JOSEPH NDERITU WAMATHAI v JOSEPH NDUNGU NJOROGE & 2 OTHERS [2007] KEHC 1537 (KLR)
Full Case Text
REPUBLIC OF KENYA
IN THE HIGH COURT OF KENYA
AT NYERI
Civil Appeal 103 of 2003
JOSEPH NDERITU WAMATHAI………..…………....…...…….………APPELLANT
Versus
JOSEPH NDUNGU NJOROGE………..……..…...…….…….…1ST RESPONDENT
NJUGUNA GATHIGANI………………….…….….....……………2ND RESPONDENT
NGATIA GICHUHI……………………….…….…......…………….3RD RESPONDENT
(Being an appeal from the judgment/order of Kathoka Ngomo, Principal Magistrate,
Nyahururu in Misc. Land Case Number 31 of 2001 read on 14th August 2003)
JUDGMENT
The Respondent in this appeal referred the dispute over parcel No. NYANDARUA/ABERDARE FOREST NORTH BLOCK 1/722 to Nyandarua District Land Disputes Tribunal. The award of that tribunal was read on 18th June 2001. It was to the effect that the 1st Respondent was awarded 4 acres of that property. The 2nd Respondent was awarded 5½ acres. The 3rd Respondent was awarded 2 ½ acres. The Appellant applied in the lower Court for that award to be made a judgment of the Court. A decree in terms of that award was issued by the Principal Magistrate’s Court, Nyahururu in Misc. Land Case No. 31 of 2001. The date of that decree is 20th September 2001. To date that decree has not been set aside. Thereafter the Appellant filed an appeal against that award to the Provincial Land Dispute Appeals Committee Central Province. The Appeals Committee after hearing the appeal gave the award on 24th April 2002. In part that award was as follows:
“The Appeals Committee has proved beyond reasonable doubt that the following buyers were given land by the appellant – JOSEPH NDIRITU WAMATHAI – who admits that he collected their money and has catered for them(sic):
1. Joseph Ndungu Njoroge
2. Njuguna Gathigani
3. Ngatia Gichuhi
They have no claim to make as they are satisfied with their land allocation by JOSEPH NDERITU WAMATHAI and they have no complaints against him(sic).”

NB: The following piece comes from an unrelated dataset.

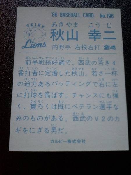 カルビー★ベースボールカード★86 秋山 西武 レア★196

The Appellant once again applied for the entry of judgment in terms of that award in the same file at Nyahururu Magistrate’s Court. That application according to the proceedings does not seem to have been entertained.
The Respondents on their part made an application in the same file seeking that the Court would authorize the Executive Officer to sign the necessary documents in order to effect sub- division in their favour. The sub divisions that they prayed for was in respect of the 1st Respondent 4 acres, the 2nd Respondent 5 ½ acres and the 4th Respondent 2 ½ acres. The lower court by its ruling of 14th August 2003 was in the following terms:
“I have gone through the proceedings of the Provincial Land Disputes Tribunal and I find that the Applicant’s application is meritorious. The Respondent has no basis for his objection because the award is very specific. The court does hereby adopt the award of the Provincial Land Disputes Tribunal as its judgment. I further grant the prayer that the Executive Officer of this court do sign the relevant documents since the respondent has refused so to do. I award to the Applicants the cost of the Application.”
That ruling aggrieved the Appellant and as a consequence he filed the present appeal. The Appellant filed the following grounds:
1. That the Principal Magistrate erred in law in adopting the Provincial Appeals Tribunal award which was not specific and therefore an award that could not be implemented.
2. That the magistrate further erred in law in holding that Joseph Ndungu Njoroge do get 4 acres; Njuguna Gathigani 5 ½ acres and Ngatia Gichuhi 2 ½ acres the same being in far excess of the award of the Provincial Appeals Tribunal.
As can be seen from the above summary the Appellant, on his own application, made the Land Disputes Tribunal’s award the judgment of the lower court. That award clearly indicated the acreage each respondent was to get. The decree has never been set aside. The Appellant’s appeal at the Land Disputes Appeals Committee did not upset that award. Accordingly the lower Court by its ruling of 14th August 2003 simply re-adopted the award of the Land Disputes Tribunal. It is important to note that the lower Court did not adopt the award of the Appeals Committee. To that extent and because the lower Court’s decree has never been set aside I find that the appeal must fail. The appeal on the ground that the lower Court erred in adopting the award which did not specify the amount of acreage each Respondent was to get is misconceived. The lower Court adopted the award of the Land Disputes Tribunal which specifically identified the acreage each Respondent was to get and which is the subject of the lower court’s decree. Accordingly the Appellant’s appeal is found to be misconceived and is dismissed with costs to the Respondents.
MARY KASANGO
JUDGE
Dated and delivered at Nyeri this 14th day of November 2007.